“Maybe this wasn’t such a good idea.”
It took all of my strength to mutter those words quietly as I lay across my bed. My stomach felt unsettled and queasy. I was sure I’d be getting sick at any minute.
M lay next to me. Suffering from a terrible cold that had been keeping him down for days.
“Why do you say that?” as his hand reached for mine.
“Because. I feel so awful. I can’t give her all of the attention that I want to give her, or usually give her, right now. And it’s only going to get worse.”
A few moments passed. Baby, in the meantime, seemed unfazed by my perceived lack of attention or by the conversation taking place next to her. With both of her parents stretched out on their bed, she took her place next to us and began quietly drawing.
“I think that’s ok.” he reassured me. “She gets a lot of attention now. Maybe too much. It might do her good to have more balance.”
I nodded. Maybe.
Hours later, over lunch but while Baby was out of earshot, he brought it up again.
“I’m worried. I don’t want to give her less attention. I’m worried about her. I don’t want things to change. What if she feels she wasn’t good enough?”
And so we talked some more. We talked about how he had been right earlier (and he, of course, loved that). How this is a year of a lot of change. Change is scary. Overwhelming. New child. New home. New routines. New school. And, right now, all we can do is wait. Wait and try to prepare.

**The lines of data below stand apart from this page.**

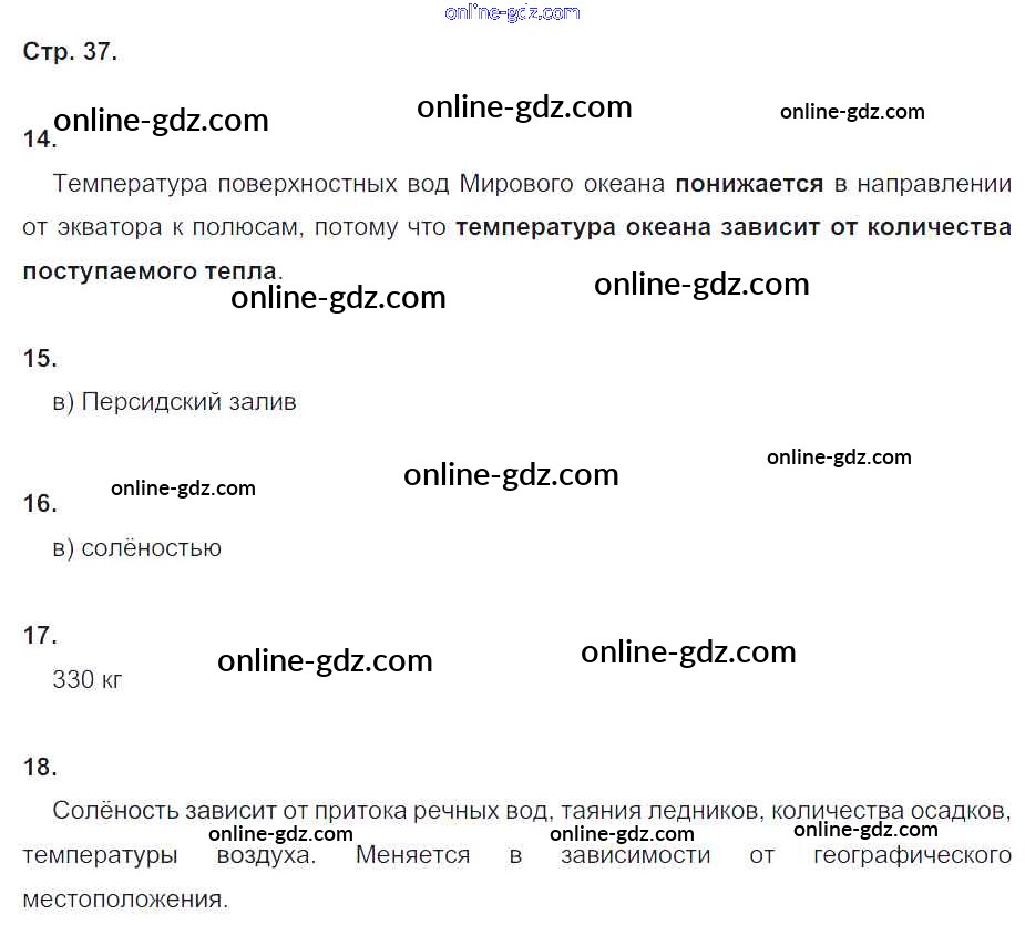 Готовые домашние задания по Географии за 6 класс Рабочая тетрадь Дронов, Савельева Вертикаль 2016 - Гидросфера (страницы тетради) 37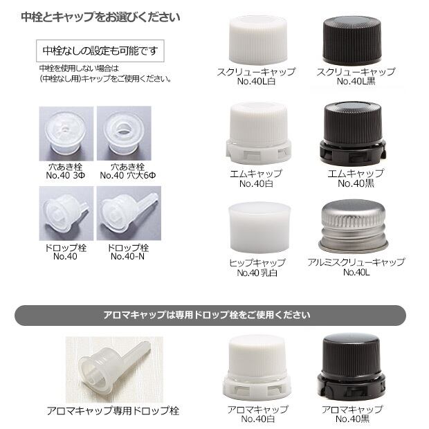 キャップと中栓、またはスプレー、ポンプなどの部品をお選びください。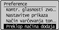 ], da označite <Preference>, in pritisnite [OK] (V redu).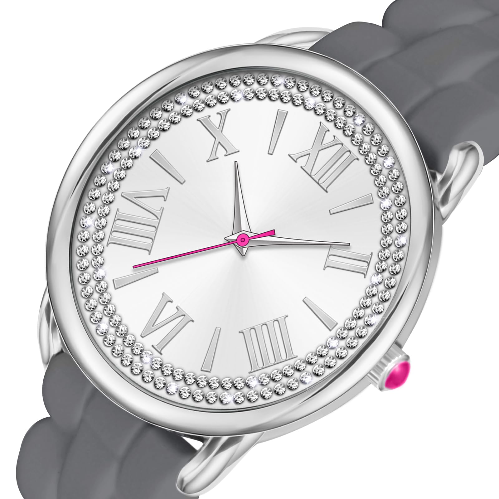 Women's Watch Ladies Quartz Watch with Crystal Accents Purple Leather Band Silver Dial

But we’ve gone through these changes before. And oh how blessed I feel for them. Oh how I would never go back to the way things were before.
We’ll have more conversations like these over the next several months. Some better. Some worse. More times when M will have to find the reassuring words. More times when they’ll have to come from me.
But I know it will be ok.
note: I wrote this post in February, at the height of morning sickness, exhaustion, and all of the typical first-trimester woes. I’m feeling much better these days, although these worries, they still crop up on occasion.